Brilio.net - Hari ini ibu berencana pergi ke rumah kakakku di Depok untuk menengok cucunya. Ibu kangen sama cucu katanya. Ya, begitulah ibu, kalau dia sudah kangen sama cucunya, dia tak akan mau menunggu. Aku sudah menawarkannya untuk pergi pada hari Sabtu atau Minggu saja, sehingga aku atau ayah bisa menemaninya. Namun lagi-lagi ibu menolak, dia tetap saja ingin menemui cucunya hari ini juga.

"Ibu hati-hati ya. Jangan lupa nanti turun di Stasiun Manggarai, kemudian naik lagi KRL jurusan Bogor atau Depok di jalur enam," pesanku pada ibu melalui pesan singkat. Ibu memang sudah menghubungiku, memberitahu keberangkatannya ketika aku sudah berada di dalam Commuterline.

Namun sudah seperempat jam perjalanan, tapi ibu memberitahuku belum mendapatkan tempat duduk. Sejak ibu naik Commuterline dari Stasiun Bekasi, aku memang selalu memantau keadaannya.

Mengapa tak ada satupun penumpang yang terketuk hatinya? Memang, ibu belum terlihat seperti seorang nenek-nenek renta. Mungkin itu juga yang menyebabkan tak ada seorang pun yang memberinya tempat duduk. Tapi apa tak ada seorang pun yang iba membiarkan seorang ibu harus berdiri lama-lama di di dalam kereta? Kalau saja aku menemaninya, pasti ibu sudah duduk manis.

Ketika Commuterline yang membawa ibu sudah sampai di Stasiun Jatinegara, ibu masih tetap saja berdiri. Belum ada satu pun penumpang lain yang tergerak hati untuk memberinya tempat duduk. Apakah kepedulian sudah menjadi barang langka di ibu kota? Apa kepedulian cuma hanya ada di buku-buku pelajaran Pancasila ketika zaman SD dulu?

Kebetulan, hari itu aku juga akan pergi menggunakan Commuterline mengunjungi rumah temanku. Commuterline sudah membawaku hampir sampai di Stasiun Pasar Minggu, sehingga lajunya bergerak melambat. Ketika aku ingin menengok keluar, mataku beradu pandang dengan seorang penumpang lain di dalam kereta itu. Sesosok perempuan yang seusia dengan ibuku tersenyum padaku. Entahlah, aku tak tahu sudah berapa lama ibu ini berdiri di depanku.

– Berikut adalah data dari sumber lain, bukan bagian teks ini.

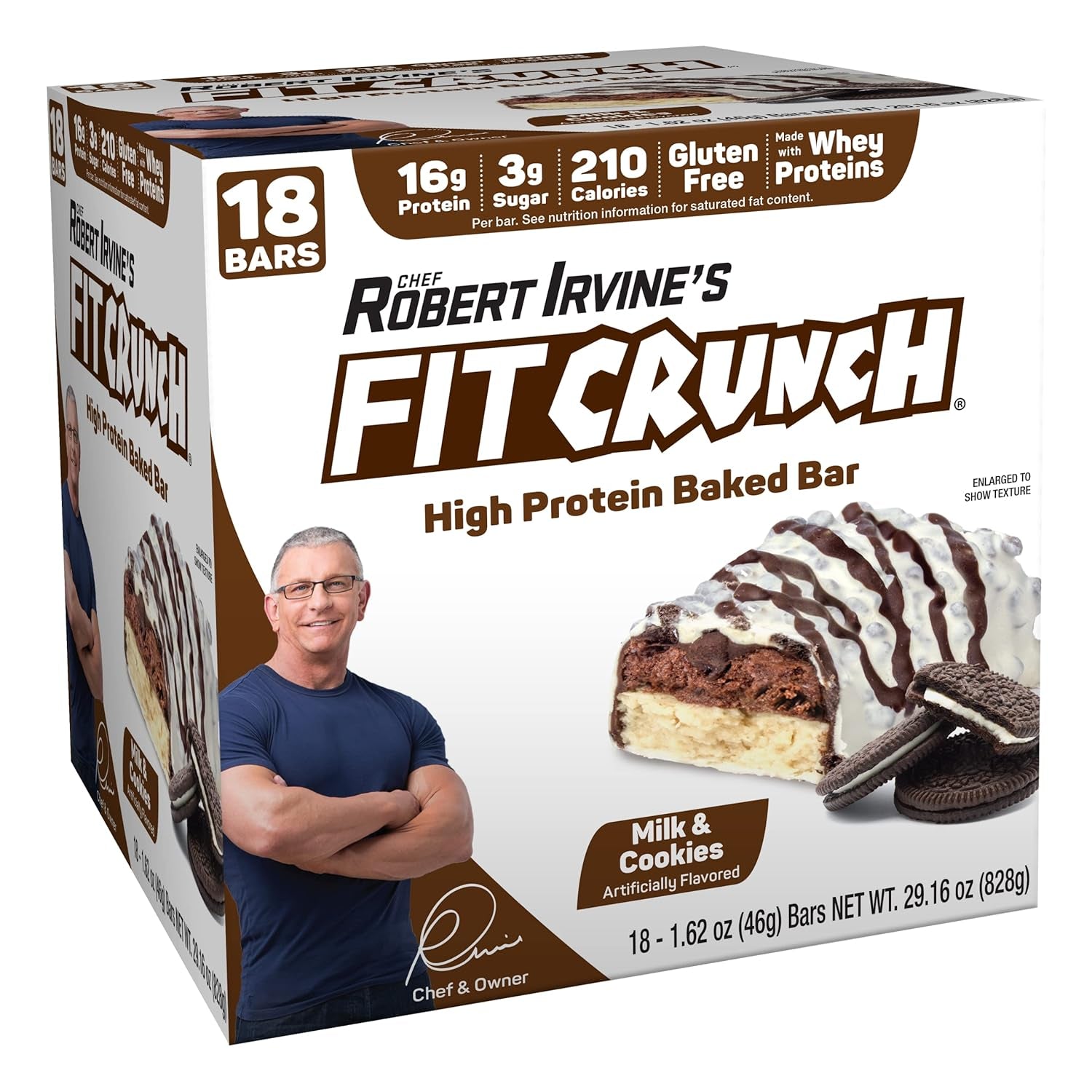 FITCRUNCH Snack Size Protein Bars, Designed by Robert Irvine, World’S Only 6-Layer Baked Bar, 3G of Sugar & Soft Cake Core (18 Bars, Milk and Cookies)

Aku tersenyum getir, membayangkan di saat aku berharap ada penumpang yang peduli pada ibu, ternyata aku sendiri juga mengabaikan seorang ibu. Dengan segera aku pun melepas earphone dari kupingku, lalu berdiri dan memberikan tempat dudukku untuknya.

"Wah, terima kasih ya nak. Semoga Allah membalas kebaikanmu," kata ibu itu dengan tersenyum. Aku pun membalasnya dengan anggukan disertai dengan senyuman juga.

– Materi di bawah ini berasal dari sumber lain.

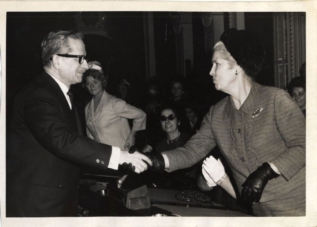 Lorette Martel, madame Paul Sauvé et Daniel Johnson, février 1967, Archives nationales à Québec, Fonds L'Action catholique, (03Q,P428,S3,SS1,D20,P42), Photographe non identifié.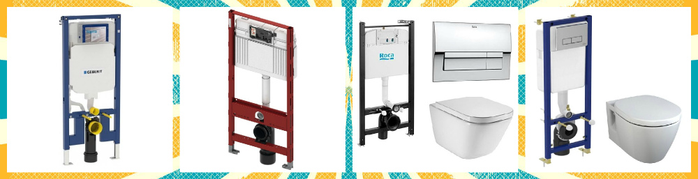 Indrammet. De er fastgjort til væggen og på gulvet. Hovedbelastningen er på de justerbare ben. Med deres hjælp bestemmes toiletens højde. Som regel kan den ændres inden for 20 cm. Denne struktur er ikke kun fastgjort til den bærende væg, men også til gipsvæg.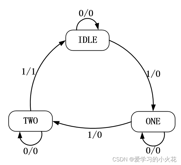 verilog设计与实现状态机-基于售货机实例 可乐机中有 0 元的状态是最原始的状态我们称之为 IDLE 状态,可乐机中有 1 元的状态我们就取名为 ONE,可乐机中有 2 元的状态取名为 TWO,可乐机中有 3元的状态取名为 THREE。了 3 元钱,但是和上面分析不同的是可乐机器此时不会立刻出可乐,此为 Mealy 状态机,输出不仅与状态有关还和输入有关,可以看到3状态后面根据不同的输入跳转了两种不同的结果。此时只需要关注输入与下一时刻的状态。3 、状态:可乐机中有 0元、可乐机中有 1 元、可乐机中有 2元、可乐机中有 3 元。

Saat aku menganggukkan kepala, telepon genggamku berdering dari balik saku kemejaku, Aku mengangkatnya, lalu terdenger suara lembut ibu di sela-sela derak kereta yang melaju kencang.

"Sekarang ibu sudah naik KRL tujuan Bogor. Alhamdulilah, ini tadi ada yang memberi ibu tempat duduk, seorang laki-laki seumuran kamu."

Ibu yang duduk di hadapanku kembali tersenyum. Entah mengapa tiba-tiba mataku terasa basah.

Dari cerita di atas kita bisa mengambil kesimpulan, terkadang kita merutuki orang lain karena tak memberikan kebaikan kepada kita. Tapi kadang kita lupa, kita pun dituntut untuk melakukan hal yang sama pula pada orang lain. Dampak dari perbuatan baik kita tak melulu berbalik pada diri kita sendiri, bahkan orang lain pun bisa merasakan berkat akibat perbuatan baikmu.

Mari selalu berbagi kebaikan dengan sesama!